A friend gave me a recipe for cranberry flavored cookies that taste good, but they aren’t of a ‘texture’ I like. As in, the cookies are softish little lumps after they’re cooked, tender and crumbly, somewhat like you’ve taken a bite of cake.
Me, I prefer my cookies to be either hard and crispy (e.g. ginger snaps) or thin but chewy (e.g., well, some sugar cookies or chocolate chip cookies.)
I’m thinking the main difference is in how much a cookie ‘spreads’ as it bakes, and likely the fats to solids ratio, and maybe whether the fat is oil or butter or margarine or crisco. (My favorite sugar cookie uses nothing but crisco.)

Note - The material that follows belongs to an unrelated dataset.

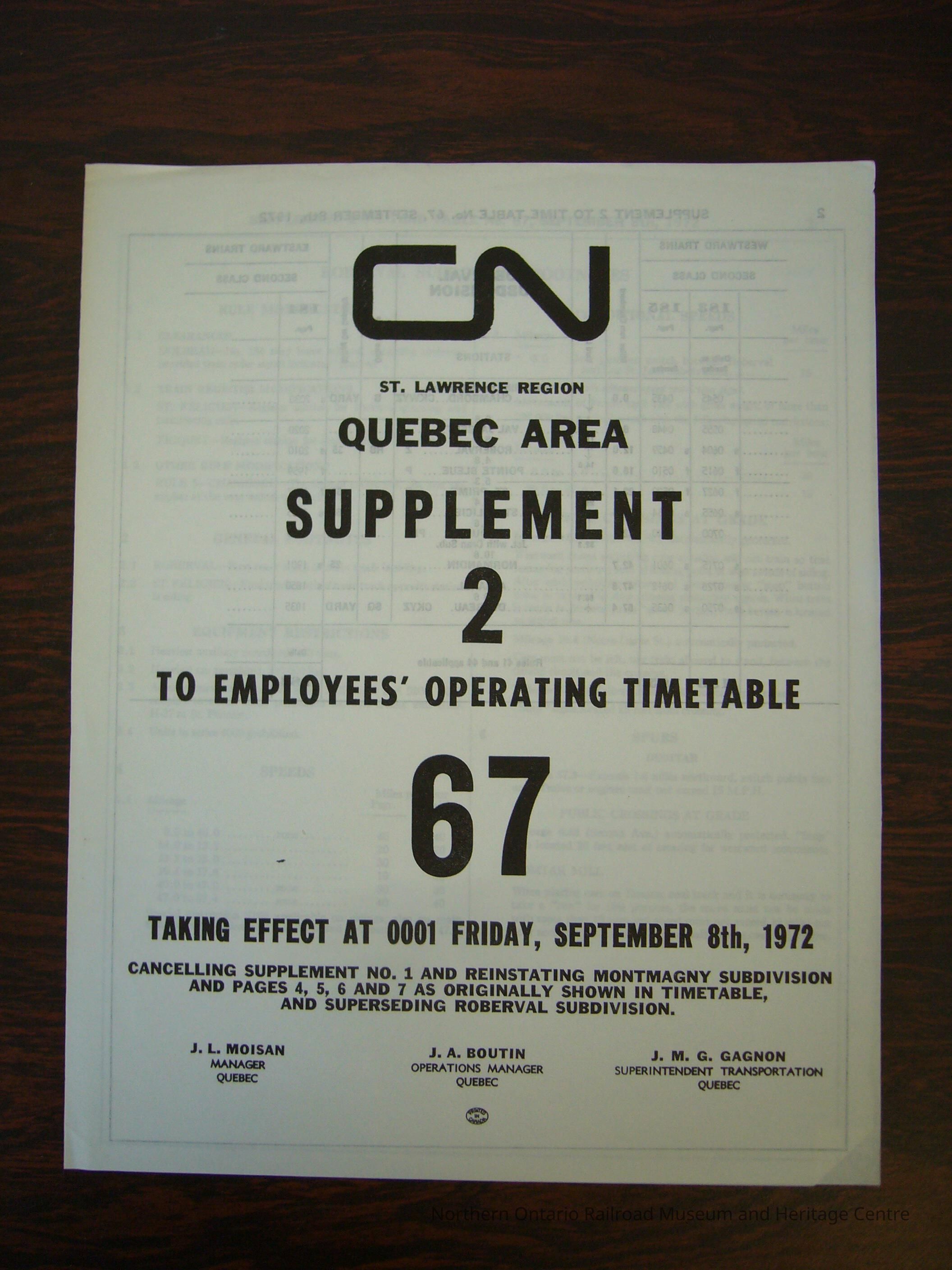 CN St. Lawrence Region Quebec Area Supplement 2 to Employees' Operating Timetable 67, Taking Effect Friday, September 8th, 1972.Collection

To cut down on how many failures I experience as I tinker, any rules of thumb? Like butter = crispier, margarine = chewier?
The current cookies swell up as they bake and hardly spread out at all – would just reducing the baking soda/powder lessen that? They also have two eggs, would cutting that to one make then less cakey? But increase some liquid amount to offset the loss in terms of how stiff the dough is?
Also … I really think I’d like them more if they were cranberry-ORANGE flavored cookies. I’m betting adding orange zest would be good for that, but maybe I should add orange juice instead, to replace the loss of liquid from the egg?